Thursday, February 6

JAKARTA: Indonesia’s health partnerships with the US Agency for International Development are on hold and it remains unclear whether they will be permanently suspended, its health minister said on Thursday (Feb 6).

US President Donald Trump’s administration is considering merging USAID, Washington’s primary humanitarian agency, into the State Department in a major revamp that would shrink its workforce and align its spending with his “America First” policy.

A US freeze on foreign aid for Indonesia could strain the Asian country’s efforts to fight against HIV and tuberculosis, which replaced COVID-19 to become the top cause of infectious disease-related deaths globally in 2023.

“That is on hold. Not stopped,” health minister Budi Gunadi Sadikin told Reuters, referring to its projects with USAID.

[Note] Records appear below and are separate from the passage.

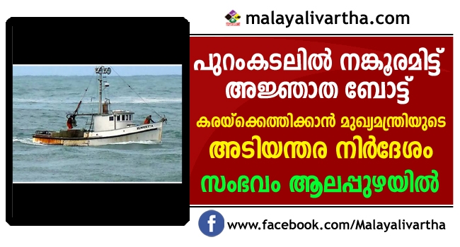 ഒന്നര മാസത്തിലേറെയായി നങ്കൂരമിട്ടു കിടക്കുന്ന അജ്ഞാത മത്സ്യബന്ധന ബോട്ട് ആലപ്പുഴ പുറംകടലിൽ; കരയ്ക്കെത്തിക്കാന് മുഖ്യമന്ത്രിയുടെ അടിയന്തര നിര്ദേശം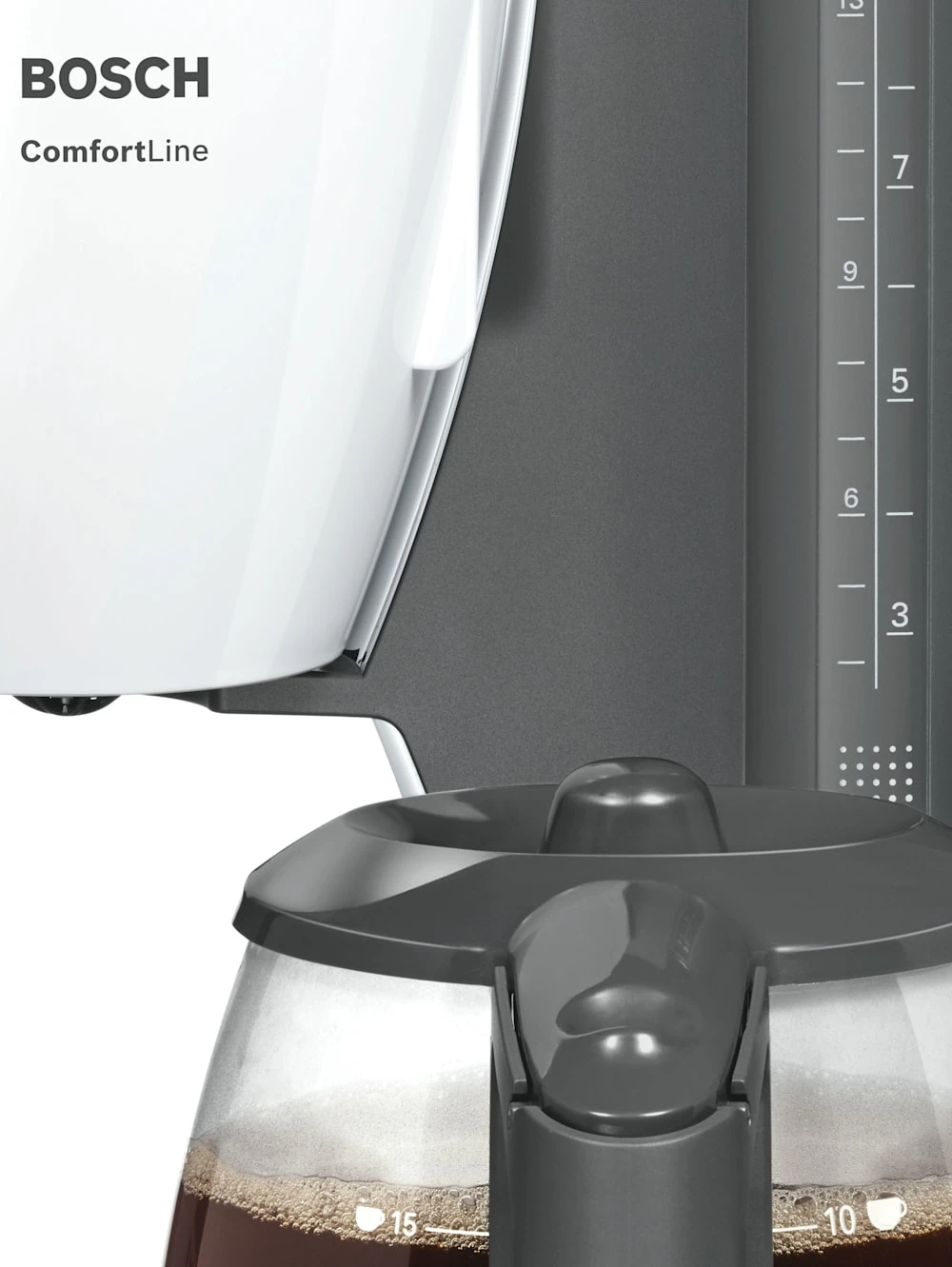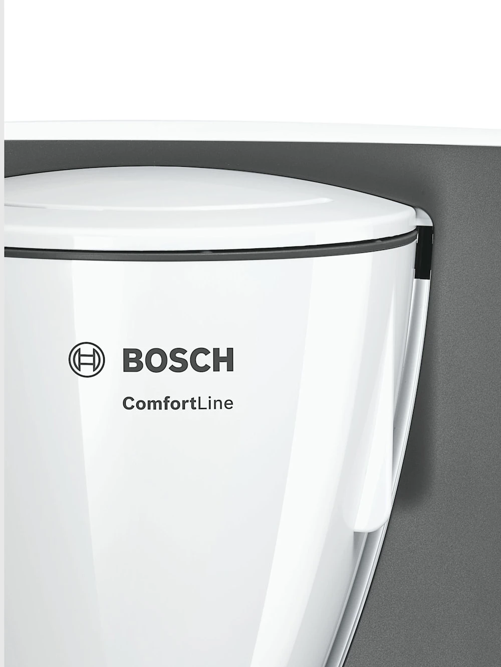 Bosch Filterkaffeemaschine ComfortLine TKA6A041 weiß/dunkelgrau. Was für ein schöner Morgen! Mit vollem Kaffeearoma und elegantem Design starten Sie gut gelaunt in den Tag! Aromaschutz-Glaskanne für 10/15 Tassen (1.25 l). Anschlusswert: 1000-1200 Watt. Aroma+ Taste für individuell wähl- bares Kaffeearoma. EasyDescale3: Entkalkungsprogramm, Entkalkungsanzeige, Wasserhärte einstellbar. Automatische Endabschaltung: 20, 40 oder 60 Minu- ten wählbar. Transparenter, abnehmbarer Wassertank mit integriertem Griff. Wasserstandsanzeige von außen ablesbar. Filterträger schwenk- und abnehm- bar (1×4). Tropfstopp. Easy storage: Kabelstaufach zur einfachen und schnellen Verstauung des Kabels. Gerätemaße HxBxT: 35,5×28,5×23 cm.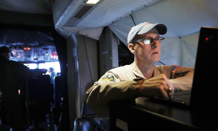 John Sonntag on board Nasa’s Operation IceBridge research aircraft at Thule airbase, Greenland. Photograph: Mario Tama/Getty Images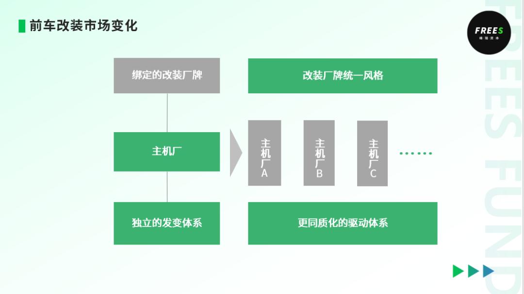 新能源车驱动体系有同质化的特征 传统燃油车主机厂大多都是内燃机技术的推动者,新能源主机厂则更接近产品定义公司因此,在新能源前装改装市场 存在横向整合的可能性, 改装厂牌通过统一的风格和底盘调教,针对不同的主机厂推出定制化产品,形成脱离于主机厂的品牌。
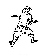 法能:剪杀两翼,左脚右手'雁字势 ’向前,掣步腰击。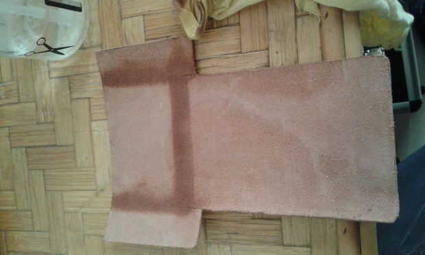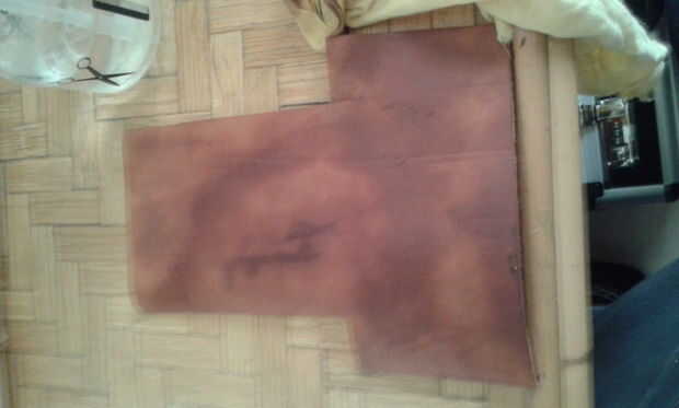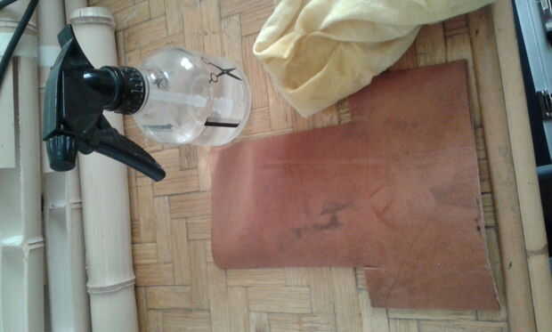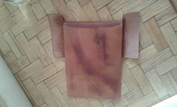 Ahora estamos listos para formar definitivamente el cuero, tan simplemente con agua.. .un poco de agua, mejor utilizar un paño húmedo que funciona bien. Después de conseguir mojado, tenemos que doblar.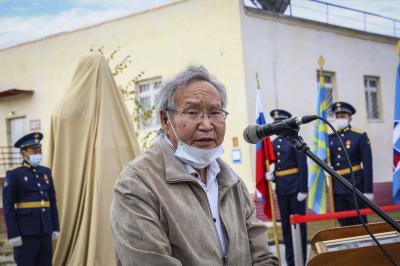 Право открытия бюста предоставили заместителю председателя Государственного Собрания (Ил Тумэн) РС(Я) Виктору Губареву, заместителю управделами главы и правительства республики Виктору Говорову и начальнику измерительного пункта Владимиру Леоненко. Они под звуки Гимна Российской Федерации сняли вуаль с бюста.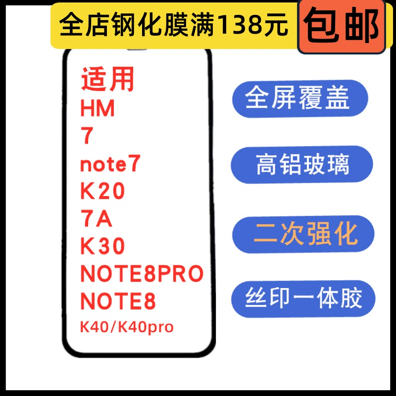 | nameOriginal | Suitable for Redmi 7/note7/K20/7A/K30/NOTE8/NOTE8pro/K40pro tempered film full screen |

“We don’t know if it’s confirmed to be erased or still under assessment,” he said, adding he may have more clarity in the next 90 days.

USAID has invested US$800 million in Indonesia since 2020, the US embassy in Jakarta said in November.

The Southeast Asian country’s projects with the US agency have involved HIV and tuberculosis. More so than USAID, Budi said, Indonesia also receives drugs from the Global Fund to Fight AIDS, Tuberculosis and Malaria, which counts Washington as its biggest donor.

The US embassy in Jakarta and USAID did not immediately respond to requests for comment.